Data for this task>

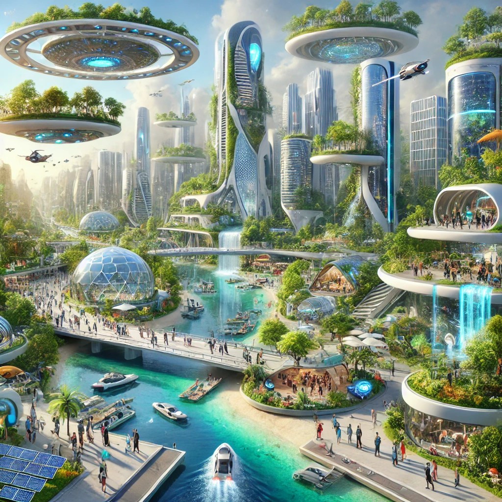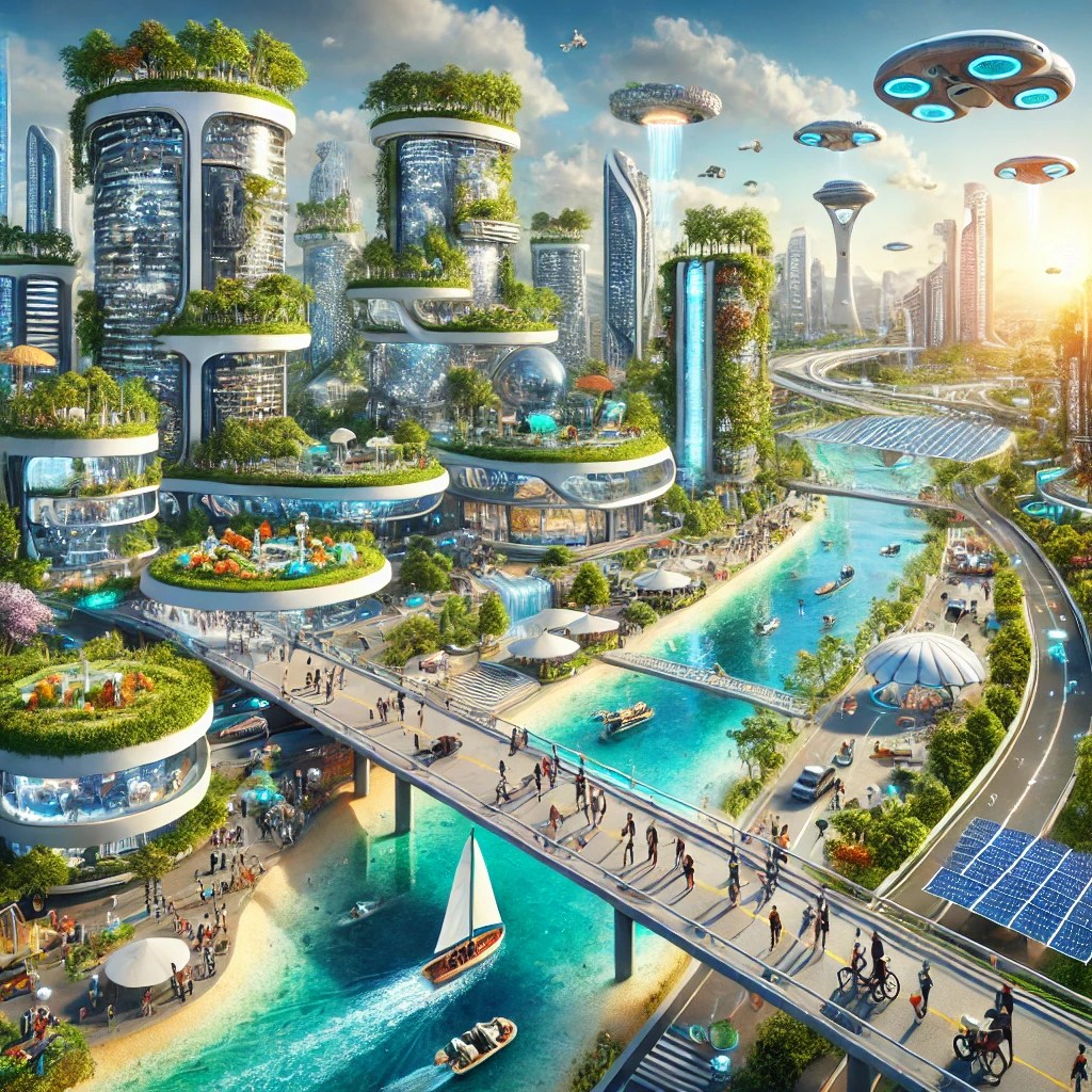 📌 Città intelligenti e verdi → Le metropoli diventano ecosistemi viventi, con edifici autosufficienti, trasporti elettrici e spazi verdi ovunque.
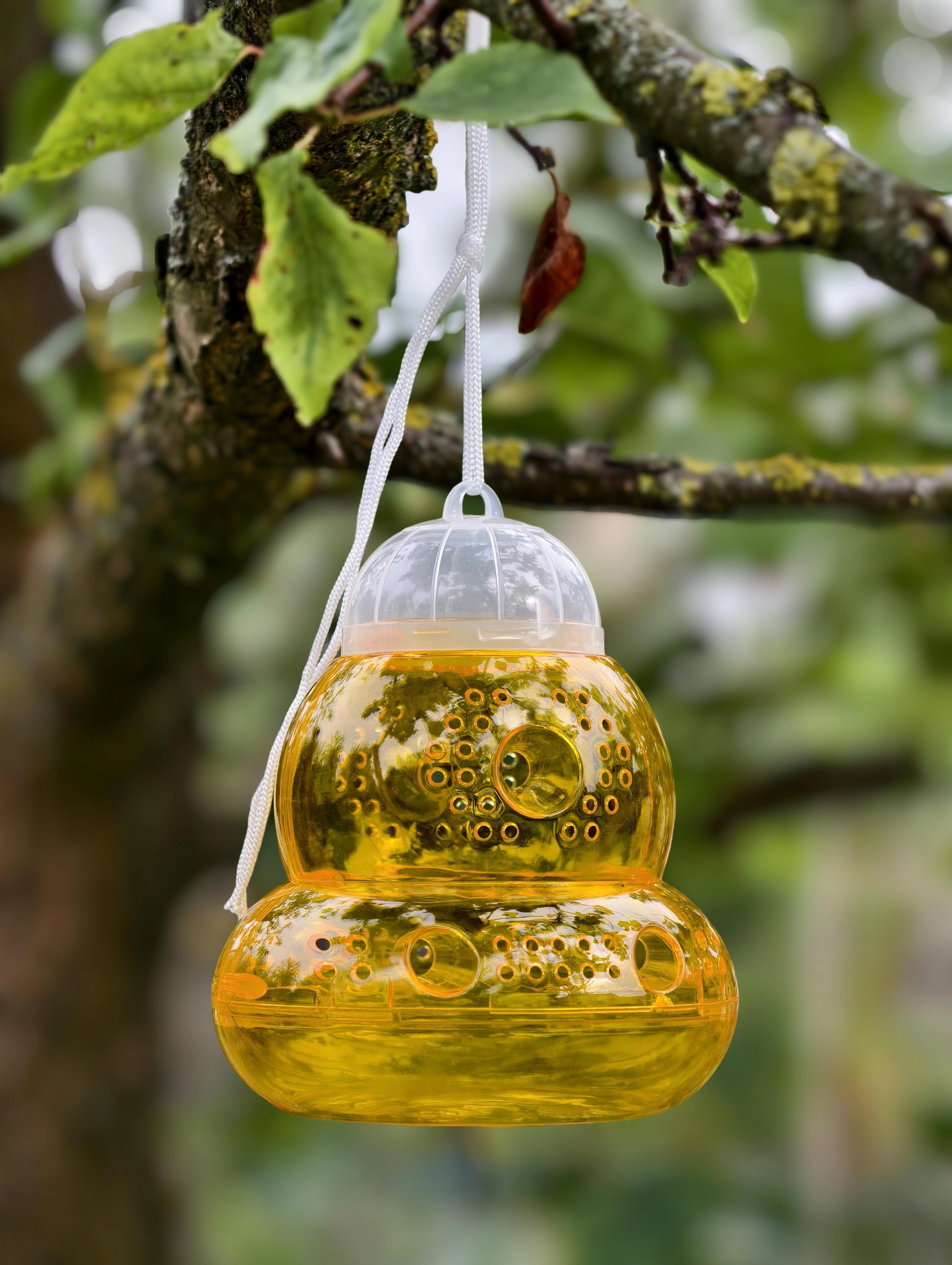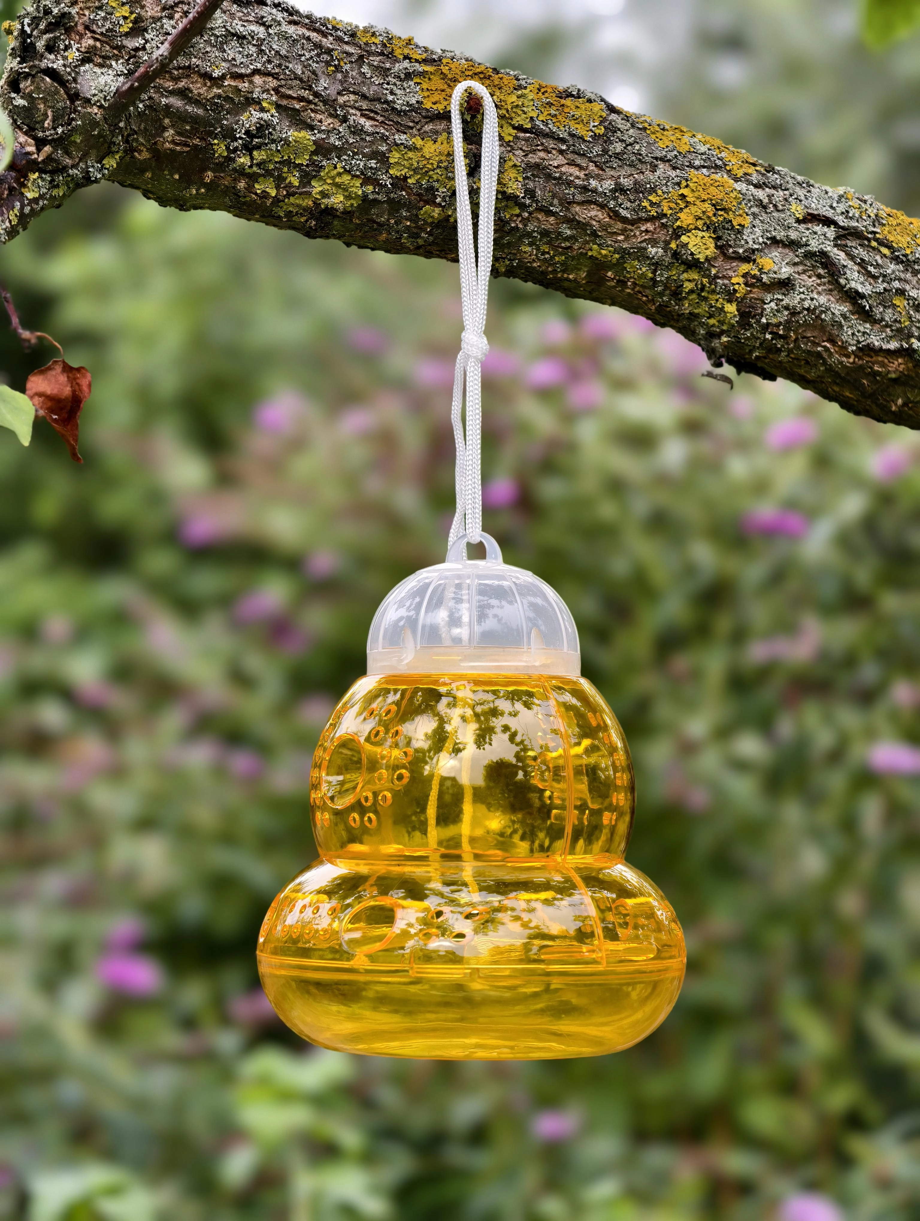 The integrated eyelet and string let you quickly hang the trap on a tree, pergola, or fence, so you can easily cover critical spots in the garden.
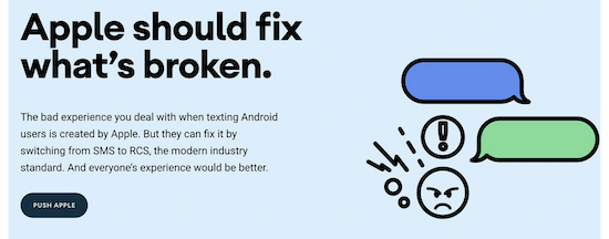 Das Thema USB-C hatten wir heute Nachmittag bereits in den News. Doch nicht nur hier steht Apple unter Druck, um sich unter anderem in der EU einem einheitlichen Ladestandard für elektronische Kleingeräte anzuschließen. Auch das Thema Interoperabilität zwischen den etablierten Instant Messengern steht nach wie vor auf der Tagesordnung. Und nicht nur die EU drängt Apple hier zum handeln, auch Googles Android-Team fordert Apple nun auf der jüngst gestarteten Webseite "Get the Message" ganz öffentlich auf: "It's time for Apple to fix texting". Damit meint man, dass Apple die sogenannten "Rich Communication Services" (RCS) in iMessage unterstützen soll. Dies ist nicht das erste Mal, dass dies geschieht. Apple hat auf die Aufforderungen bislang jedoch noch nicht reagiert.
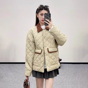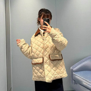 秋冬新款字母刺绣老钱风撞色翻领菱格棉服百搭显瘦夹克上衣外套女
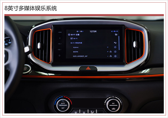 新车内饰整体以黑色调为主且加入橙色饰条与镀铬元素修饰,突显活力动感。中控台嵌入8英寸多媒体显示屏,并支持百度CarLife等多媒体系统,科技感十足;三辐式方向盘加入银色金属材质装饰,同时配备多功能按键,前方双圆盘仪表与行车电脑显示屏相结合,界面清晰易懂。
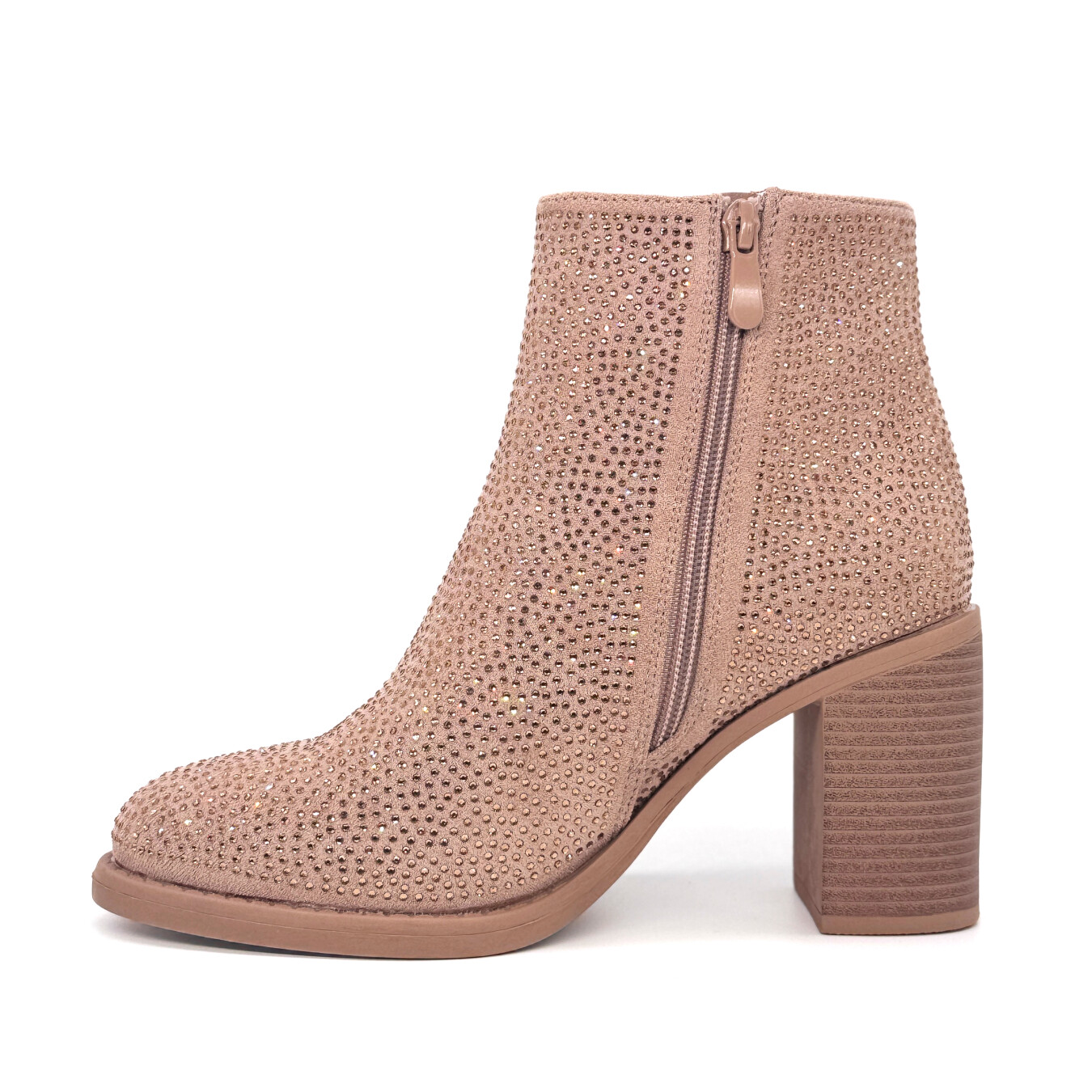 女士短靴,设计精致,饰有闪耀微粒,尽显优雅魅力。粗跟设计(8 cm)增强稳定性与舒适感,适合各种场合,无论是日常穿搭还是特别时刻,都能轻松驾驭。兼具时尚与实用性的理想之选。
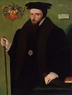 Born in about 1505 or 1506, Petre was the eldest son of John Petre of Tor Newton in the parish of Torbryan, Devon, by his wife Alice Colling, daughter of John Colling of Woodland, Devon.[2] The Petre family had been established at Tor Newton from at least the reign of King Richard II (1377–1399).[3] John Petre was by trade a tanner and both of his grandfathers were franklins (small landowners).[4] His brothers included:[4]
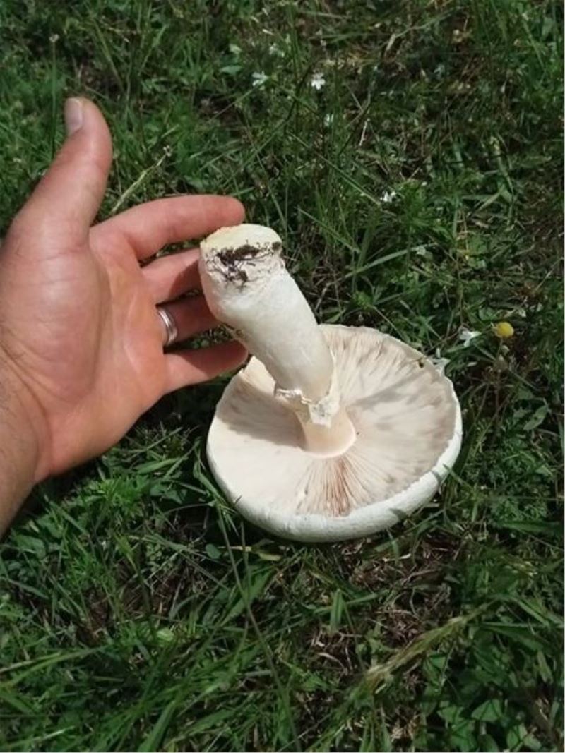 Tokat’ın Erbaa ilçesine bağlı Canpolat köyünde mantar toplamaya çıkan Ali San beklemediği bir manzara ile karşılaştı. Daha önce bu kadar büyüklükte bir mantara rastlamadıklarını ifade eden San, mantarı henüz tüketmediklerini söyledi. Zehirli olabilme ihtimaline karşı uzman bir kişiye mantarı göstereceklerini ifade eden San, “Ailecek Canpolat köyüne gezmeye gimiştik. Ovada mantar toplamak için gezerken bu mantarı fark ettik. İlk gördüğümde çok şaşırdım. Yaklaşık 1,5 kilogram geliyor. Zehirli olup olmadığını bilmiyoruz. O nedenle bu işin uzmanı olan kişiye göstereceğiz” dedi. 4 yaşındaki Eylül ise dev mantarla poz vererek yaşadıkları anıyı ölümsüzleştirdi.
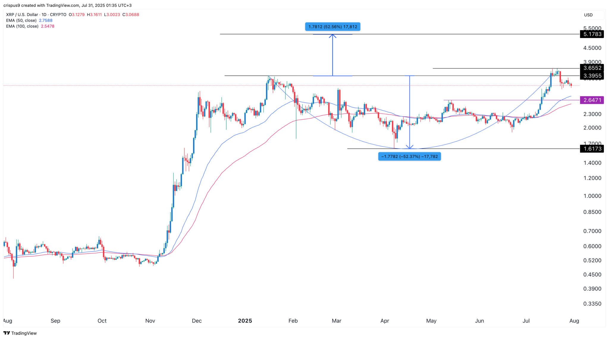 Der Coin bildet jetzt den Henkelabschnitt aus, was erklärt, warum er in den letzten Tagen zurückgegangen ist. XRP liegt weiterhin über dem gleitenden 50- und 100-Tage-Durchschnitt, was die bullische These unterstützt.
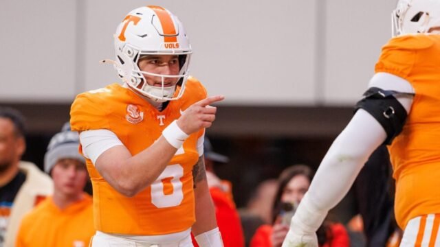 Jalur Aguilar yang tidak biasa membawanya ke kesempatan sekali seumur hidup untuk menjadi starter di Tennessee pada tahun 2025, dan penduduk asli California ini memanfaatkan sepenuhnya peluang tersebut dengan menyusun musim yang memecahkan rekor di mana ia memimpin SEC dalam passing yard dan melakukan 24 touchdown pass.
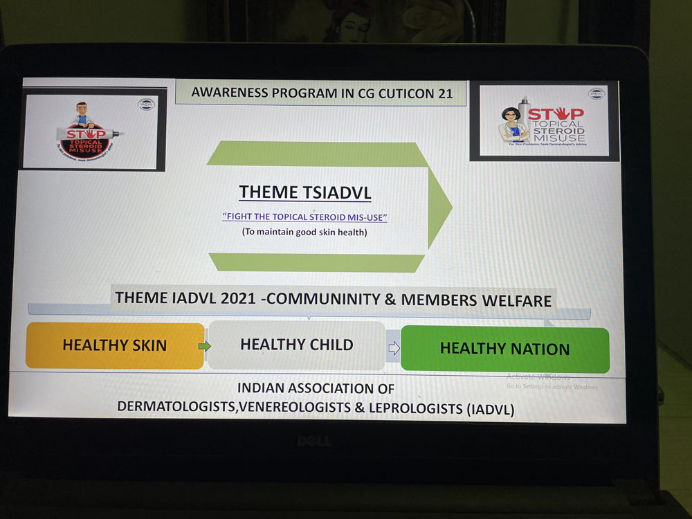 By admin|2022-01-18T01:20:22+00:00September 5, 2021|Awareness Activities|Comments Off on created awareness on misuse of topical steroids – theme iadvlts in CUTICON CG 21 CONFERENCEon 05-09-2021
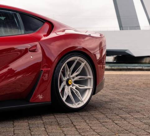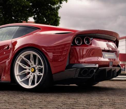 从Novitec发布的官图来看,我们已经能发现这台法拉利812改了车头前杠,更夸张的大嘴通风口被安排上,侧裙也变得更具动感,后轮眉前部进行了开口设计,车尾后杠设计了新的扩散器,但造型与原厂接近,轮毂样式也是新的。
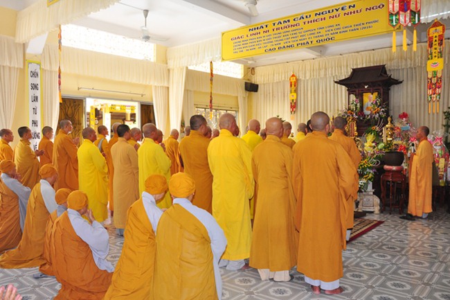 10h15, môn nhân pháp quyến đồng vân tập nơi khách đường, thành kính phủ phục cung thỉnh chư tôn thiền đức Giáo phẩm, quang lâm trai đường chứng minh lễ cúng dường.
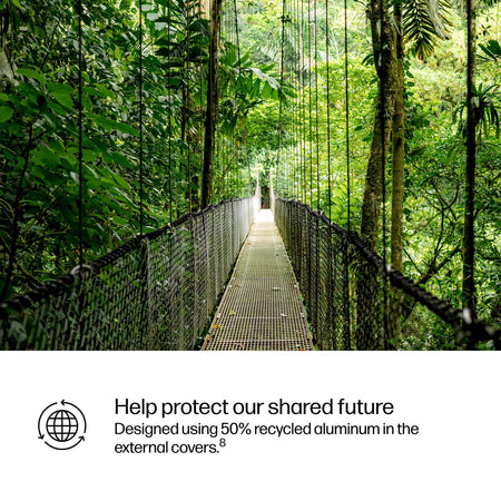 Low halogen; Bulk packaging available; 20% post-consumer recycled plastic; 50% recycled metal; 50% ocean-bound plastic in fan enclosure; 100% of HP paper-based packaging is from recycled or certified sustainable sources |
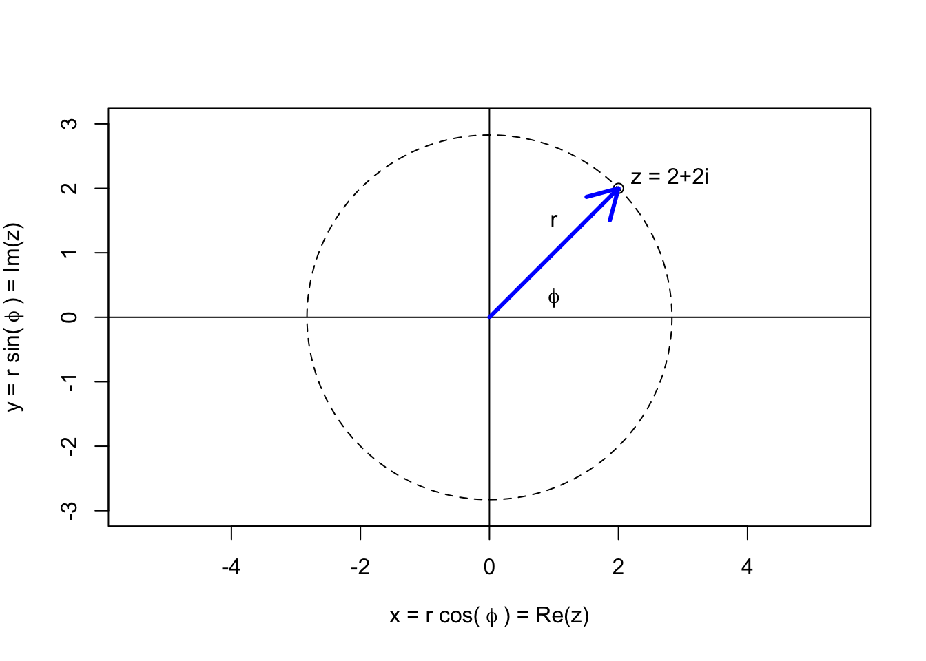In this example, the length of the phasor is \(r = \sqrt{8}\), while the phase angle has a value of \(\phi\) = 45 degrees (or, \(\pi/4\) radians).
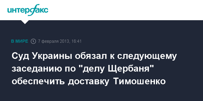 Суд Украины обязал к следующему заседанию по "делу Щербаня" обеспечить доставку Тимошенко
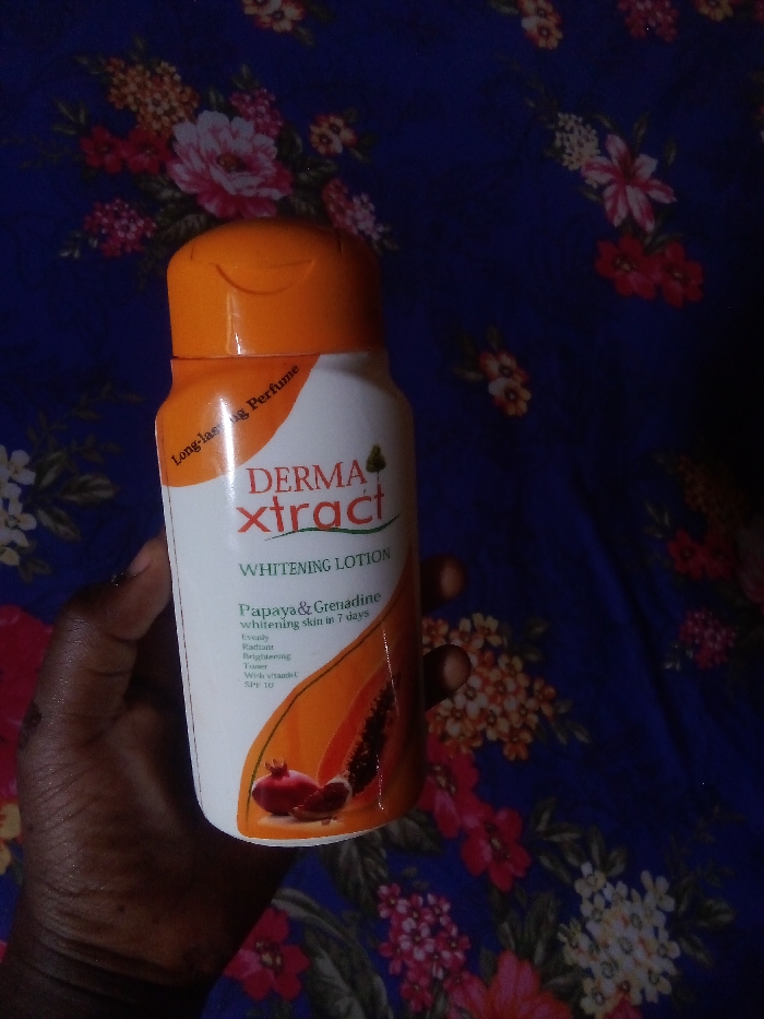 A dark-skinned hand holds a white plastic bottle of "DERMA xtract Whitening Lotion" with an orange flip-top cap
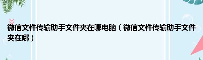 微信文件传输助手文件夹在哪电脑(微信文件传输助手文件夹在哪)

Instructions for the task> Transcribe, word for word, the lines of the listing above from the one that contains "秋冬新款字母刺绣老钱风撞色翻领菱格棉服百搭显瘦夹克上衣外套女" through the one that contains "Born in about", keeping both ends and dropping the pictures.

Your response>
 秋冬新款字母刺绣老钱风撞色翻领菱格棉服百搭显瘦夹克上衣外套女
 新车内饰整体以黑色调为主且加入橙色饰条与镀铬元素修饰,突显活力动感。中控台嵌入8英寸多媒体显示屏,并支持百度CarLife等多媒体系统,科技感十足;三辐式方向盘加入银色金属材质装饰,同时配备多功能按键,前方双圆盘仪表与行车电脑显示屏相结合,界面清晰易懂。
 女士短靴,设计精致,饰有闪耀微粒,尽显优雅魅力。粗跟设计(8 cm)增强稳定性与舒适感,适合各种场合,无论是日常穿搭还是特别时刻,都能轻松驾驭。兼具时尚与实用性的理想之选。
 Born in about 1505 or 1506, Petre was the eldest son of John Petre of Tor Newton in the parish of Torbryan, Devon, by his wife Alice Colling, daughter of John Colling of Woodland, Devon.[2] The Petre family had been established at Tor Newton from at least the reign of King Richard II (1377–1399).[3] John Petre was by trade a tanner and both of his grandfathers were franklins (small landowners).[4] His brothers included:[4]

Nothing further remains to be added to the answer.